GIVEN INFORMATION:
########

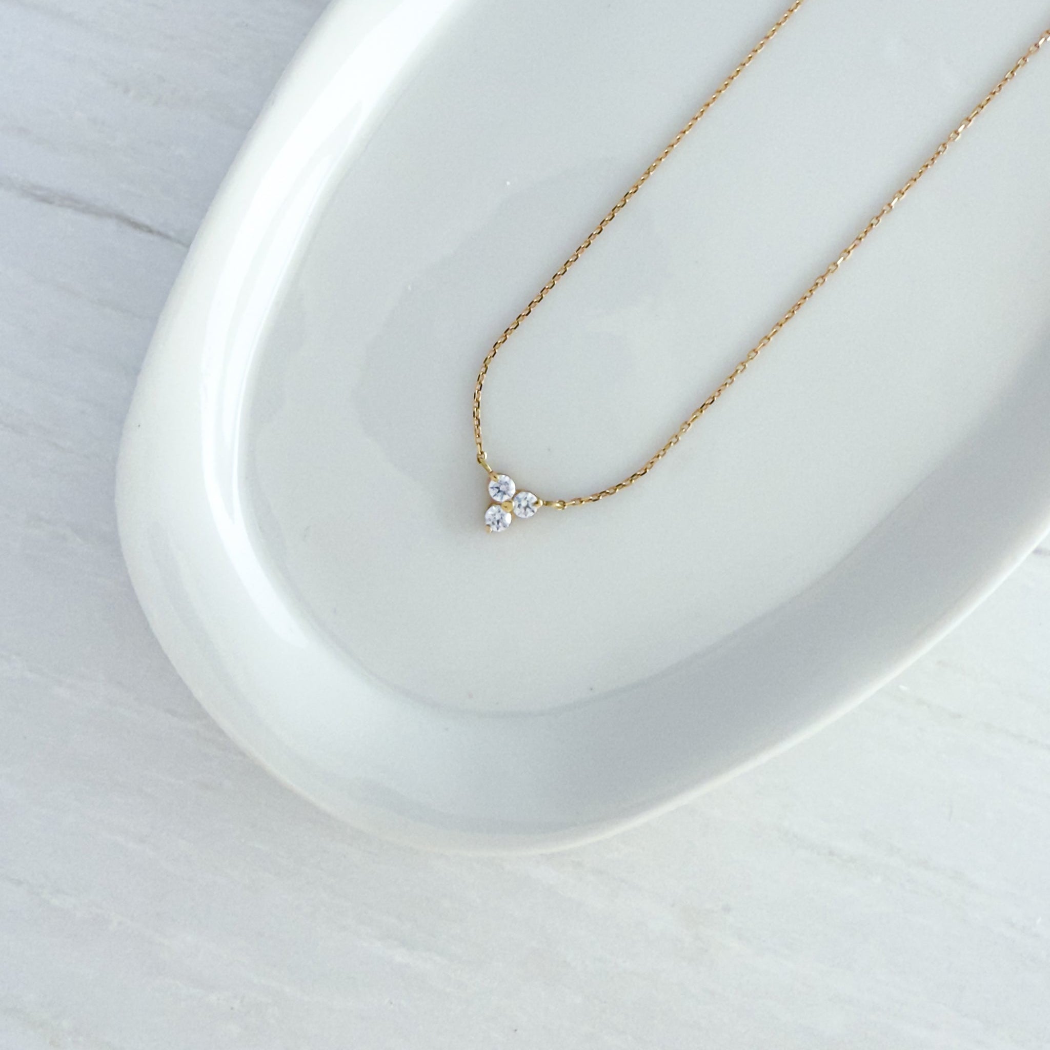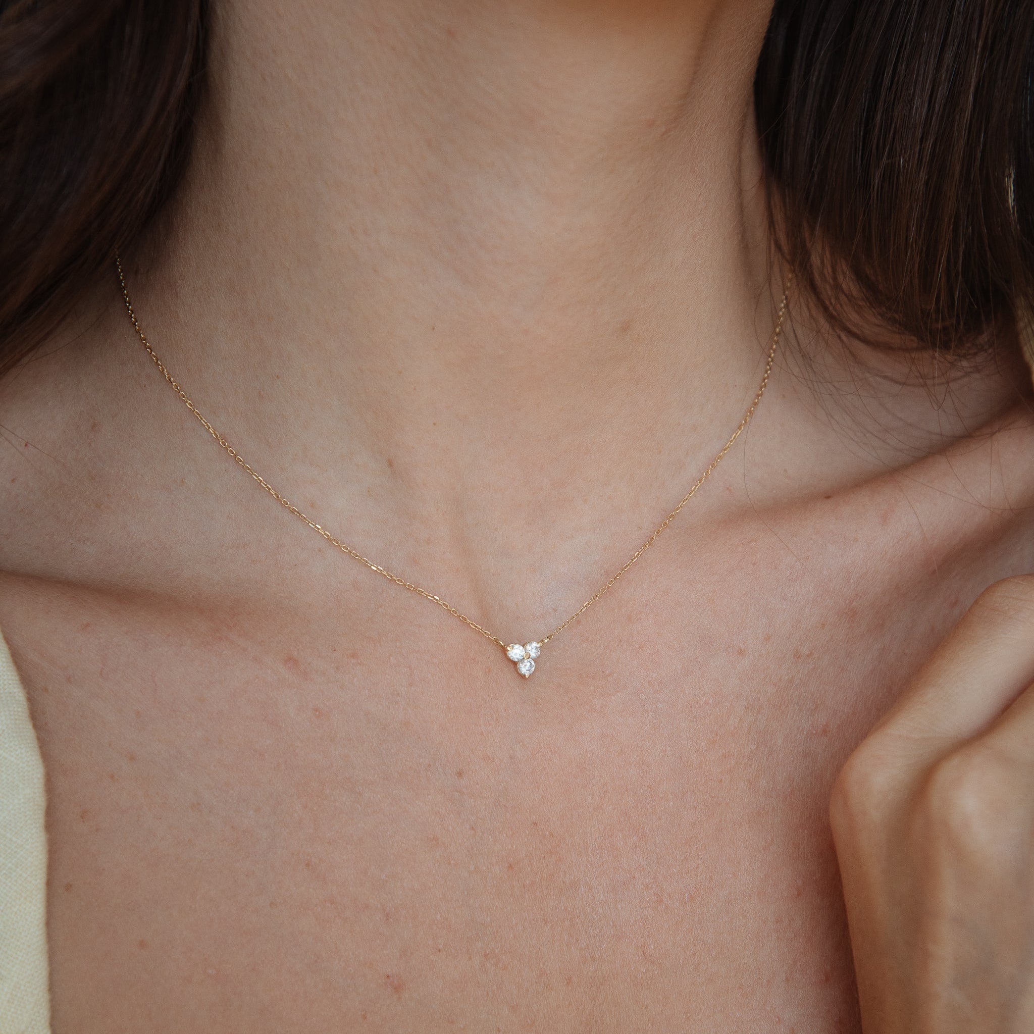Un diseño atemporal en oro de 18K que simboliza la unión y equilibrio. Tres circonitas engastadas en garras clásicas capturan la luz con delicadeza. Sofisticado y versátil, aporta un brillo sutil que realza cualquier look.
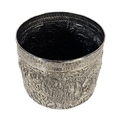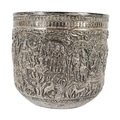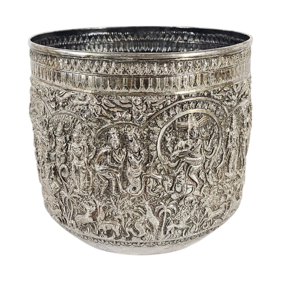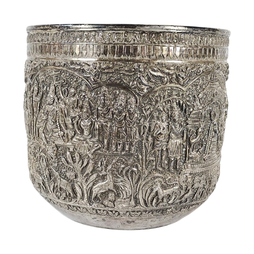 Substantial deep circular form bowl, masterfully chased in high relief with traditional scenes from The Jataka Tales, the elaborate decoration features figures in architectural surrounds beneath a foliate rim.
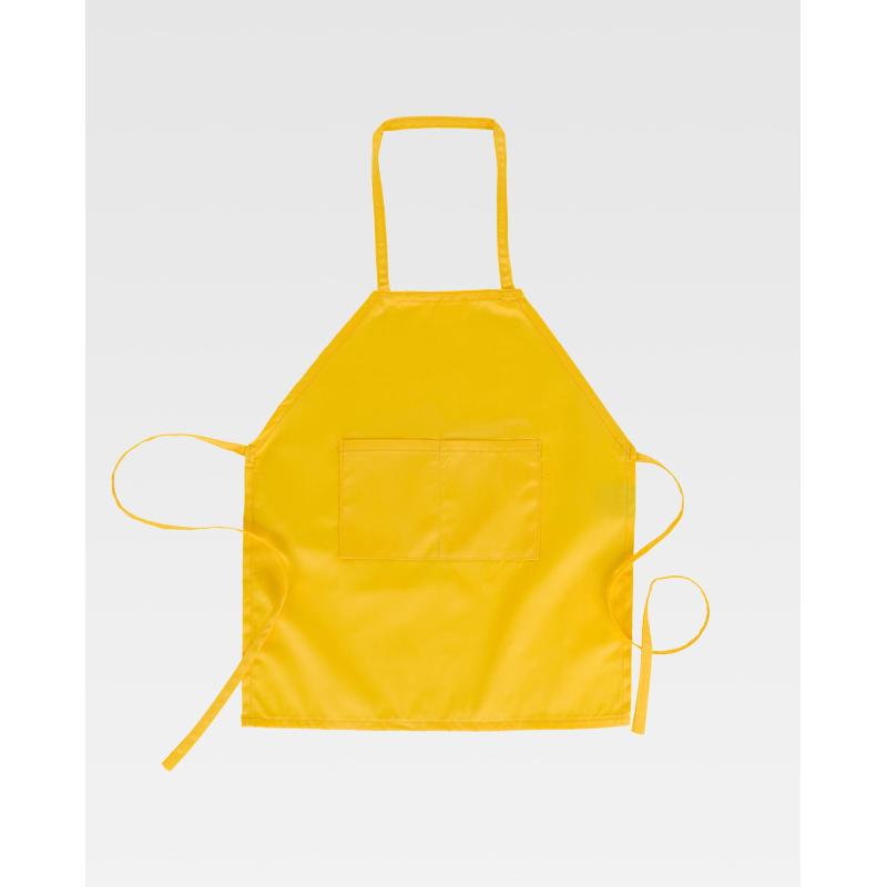 Delantal con peto infantil de color liso. Un bolso central compartimentado. Cinta de cuello fija. Tiras para ajustar en la cintura. 65% Poliéster 35% Algodón

########

WHAT TO DO: Transcribe the data completely. No pictures should appear in the transcription.

EXERCISE OUTPUT:
Un diseño atemporal en oro de 18K que simboliza la unión y equilibrio. Tres circonitas engastadas en garras clásicas capturan la luz con delicadeza. Sofisticado y versátil, aporta un brillo sutil que realza cualquier look.
 Substantial deep circular form bowl, masterfully chased in high relief with traditional scenes from The Jataka Tales, the elaborate decoration features figures in architectural surrounds beneath a foliate rim.
 Delantal con peto infantil de color liso. Un bolso central compartimentado. Cinta de cuello fija. Tiras para ajustar en la cintura. 65% Poliéster 35% Algodón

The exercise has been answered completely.